* Available data
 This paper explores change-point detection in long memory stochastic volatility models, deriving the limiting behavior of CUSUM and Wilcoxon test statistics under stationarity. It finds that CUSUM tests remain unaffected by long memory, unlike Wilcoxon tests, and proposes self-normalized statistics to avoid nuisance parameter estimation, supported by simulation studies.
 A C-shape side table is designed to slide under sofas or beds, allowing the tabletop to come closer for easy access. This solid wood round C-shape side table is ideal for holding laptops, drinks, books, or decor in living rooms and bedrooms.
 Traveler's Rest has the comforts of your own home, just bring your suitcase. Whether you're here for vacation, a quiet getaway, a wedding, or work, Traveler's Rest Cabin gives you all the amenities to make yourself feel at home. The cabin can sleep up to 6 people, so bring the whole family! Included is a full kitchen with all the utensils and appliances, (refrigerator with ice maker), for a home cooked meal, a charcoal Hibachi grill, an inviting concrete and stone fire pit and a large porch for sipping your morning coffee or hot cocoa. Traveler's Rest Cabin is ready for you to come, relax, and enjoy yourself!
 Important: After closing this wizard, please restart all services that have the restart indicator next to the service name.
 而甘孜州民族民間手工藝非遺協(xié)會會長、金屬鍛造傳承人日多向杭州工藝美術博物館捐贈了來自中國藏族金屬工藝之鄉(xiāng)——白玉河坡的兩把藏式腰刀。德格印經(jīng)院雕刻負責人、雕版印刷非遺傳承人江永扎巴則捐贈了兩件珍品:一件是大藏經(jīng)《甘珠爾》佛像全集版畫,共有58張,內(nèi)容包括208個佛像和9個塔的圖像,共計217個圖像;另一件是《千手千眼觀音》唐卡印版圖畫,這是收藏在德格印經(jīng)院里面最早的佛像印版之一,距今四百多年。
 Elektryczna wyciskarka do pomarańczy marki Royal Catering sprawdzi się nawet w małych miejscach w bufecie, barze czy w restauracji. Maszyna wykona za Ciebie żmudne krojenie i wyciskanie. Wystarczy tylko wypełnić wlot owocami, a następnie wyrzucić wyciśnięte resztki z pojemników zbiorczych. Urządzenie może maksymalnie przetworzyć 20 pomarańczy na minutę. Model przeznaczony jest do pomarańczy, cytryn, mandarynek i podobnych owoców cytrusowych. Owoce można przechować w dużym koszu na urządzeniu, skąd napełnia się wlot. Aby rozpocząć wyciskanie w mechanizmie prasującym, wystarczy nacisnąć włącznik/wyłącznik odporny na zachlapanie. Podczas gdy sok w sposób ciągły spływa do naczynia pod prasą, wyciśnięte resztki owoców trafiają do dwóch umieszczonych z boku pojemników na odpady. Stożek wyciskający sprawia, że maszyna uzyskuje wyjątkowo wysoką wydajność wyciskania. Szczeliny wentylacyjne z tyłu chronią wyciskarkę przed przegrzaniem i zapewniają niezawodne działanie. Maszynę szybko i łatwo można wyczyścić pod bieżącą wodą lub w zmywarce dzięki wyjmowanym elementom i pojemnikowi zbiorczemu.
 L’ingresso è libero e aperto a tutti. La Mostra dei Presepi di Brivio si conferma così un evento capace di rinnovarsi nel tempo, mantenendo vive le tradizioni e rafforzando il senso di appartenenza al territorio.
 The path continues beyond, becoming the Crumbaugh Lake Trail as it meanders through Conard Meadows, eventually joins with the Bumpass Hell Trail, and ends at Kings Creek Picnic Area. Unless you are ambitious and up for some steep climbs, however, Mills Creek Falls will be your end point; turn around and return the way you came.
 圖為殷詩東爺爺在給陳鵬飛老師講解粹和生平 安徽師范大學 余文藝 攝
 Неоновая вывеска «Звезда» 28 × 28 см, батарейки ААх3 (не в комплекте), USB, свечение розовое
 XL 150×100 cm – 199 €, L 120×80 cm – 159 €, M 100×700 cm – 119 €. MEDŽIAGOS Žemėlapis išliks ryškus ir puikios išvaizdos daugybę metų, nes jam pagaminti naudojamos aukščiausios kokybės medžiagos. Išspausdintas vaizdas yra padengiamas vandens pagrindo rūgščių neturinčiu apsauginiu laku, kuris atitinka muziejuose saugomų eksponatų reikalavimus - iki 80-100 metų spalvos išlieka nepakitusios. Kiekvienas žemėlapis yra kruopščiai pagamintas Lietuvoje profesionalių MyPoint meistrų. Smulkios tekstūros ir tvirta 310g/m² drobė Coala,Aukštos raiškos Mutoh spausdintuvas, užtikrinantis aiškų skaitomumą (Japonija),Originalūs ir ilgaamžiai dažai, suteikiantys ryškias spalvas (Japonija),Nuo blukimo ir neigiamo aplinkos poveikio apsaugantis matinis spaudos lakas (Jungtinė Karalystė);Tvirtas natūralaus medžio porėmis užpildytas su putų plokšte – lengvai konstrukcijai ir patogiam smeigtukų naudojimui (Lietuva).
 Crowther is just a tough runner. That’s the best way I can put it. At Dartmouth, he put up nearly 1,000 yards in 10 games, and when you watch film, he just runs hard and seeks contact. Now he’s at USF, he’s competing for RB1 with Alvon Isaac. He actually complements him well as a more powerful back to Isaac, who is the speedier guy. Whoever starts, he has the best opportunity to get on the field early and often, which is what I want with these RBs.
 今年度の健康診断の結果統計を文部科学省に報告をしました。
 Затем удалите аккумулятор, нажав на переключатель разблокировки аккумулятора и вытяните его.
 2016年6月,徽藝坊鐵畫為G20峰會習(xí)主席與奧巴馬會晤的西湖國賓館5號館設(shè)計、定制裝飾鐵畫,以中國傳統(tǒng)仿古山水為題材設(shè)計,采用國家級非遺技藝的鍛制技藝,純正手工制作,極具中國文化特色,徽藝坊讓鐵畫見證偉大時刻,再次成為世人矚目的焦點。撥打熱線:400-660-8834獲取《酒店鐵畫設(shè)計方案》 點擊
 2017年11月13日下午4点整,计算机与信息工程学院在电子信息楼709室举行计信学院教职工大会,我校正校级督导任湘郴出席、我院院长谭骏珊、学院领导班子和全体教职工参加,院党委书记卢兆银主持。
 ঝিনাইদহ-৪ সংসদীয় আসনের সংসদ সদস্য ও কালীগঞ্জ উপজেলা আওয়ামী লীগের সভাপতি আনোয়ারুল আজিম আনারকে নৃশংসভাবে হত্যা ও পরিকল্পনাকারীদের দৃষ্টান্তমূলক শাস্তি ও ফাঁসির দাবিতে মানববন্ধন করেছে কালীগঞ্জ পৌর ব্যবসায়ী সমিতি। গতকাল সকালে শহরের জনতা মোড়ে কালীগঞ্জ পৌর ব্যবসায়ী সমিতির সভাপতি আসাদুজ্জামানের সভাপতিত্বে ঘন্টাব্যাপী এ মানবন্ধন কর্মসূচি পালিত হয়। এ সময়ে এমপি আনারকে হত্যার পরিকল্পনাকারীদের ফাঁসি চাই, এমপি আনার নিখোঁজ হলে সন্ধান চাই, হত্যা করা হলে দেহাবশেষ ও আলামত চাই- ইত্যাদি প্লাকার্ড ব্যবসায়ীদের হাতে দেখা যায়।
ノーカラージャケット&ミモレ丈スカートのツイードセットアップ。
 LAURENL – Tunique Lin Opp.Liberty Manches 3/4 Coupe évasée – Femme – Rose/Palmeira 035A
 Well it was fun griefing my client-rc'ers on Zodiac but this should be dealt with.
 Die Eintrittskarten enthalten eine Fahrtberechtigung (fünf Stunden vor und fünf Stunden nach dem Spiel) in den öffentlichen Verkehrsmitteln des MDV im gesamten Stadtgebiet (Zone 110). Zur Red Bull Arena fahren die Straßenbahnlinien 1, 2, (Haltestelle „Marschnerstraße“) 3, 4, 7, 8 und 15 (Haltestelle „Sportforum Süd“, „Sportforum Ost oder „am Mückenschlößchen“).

* Assigned task
Nothing but the lines holding the word "under" should be returned from the listing above.

* Result for this exercise
 This paper explores change-point detection in long memory stochastic volatility models, deriving the limiting behavior of CUSUM and Wilcoxon test statistics under stationarity. It finds that CUSUM tests remain unaffected by long memory, unlike Wilcoxon tests, and proposes self-normalized statistics to avoid nuisance parameter estimation, supported by simulation studies.
 A C-shape side table is designed to slide under sofas or beds, allowing the tabletop to come closer for easy access. This solid wood round C-shape side table is ideal for holding laptops, drinks, books, or decor in living rooms and bedrooms.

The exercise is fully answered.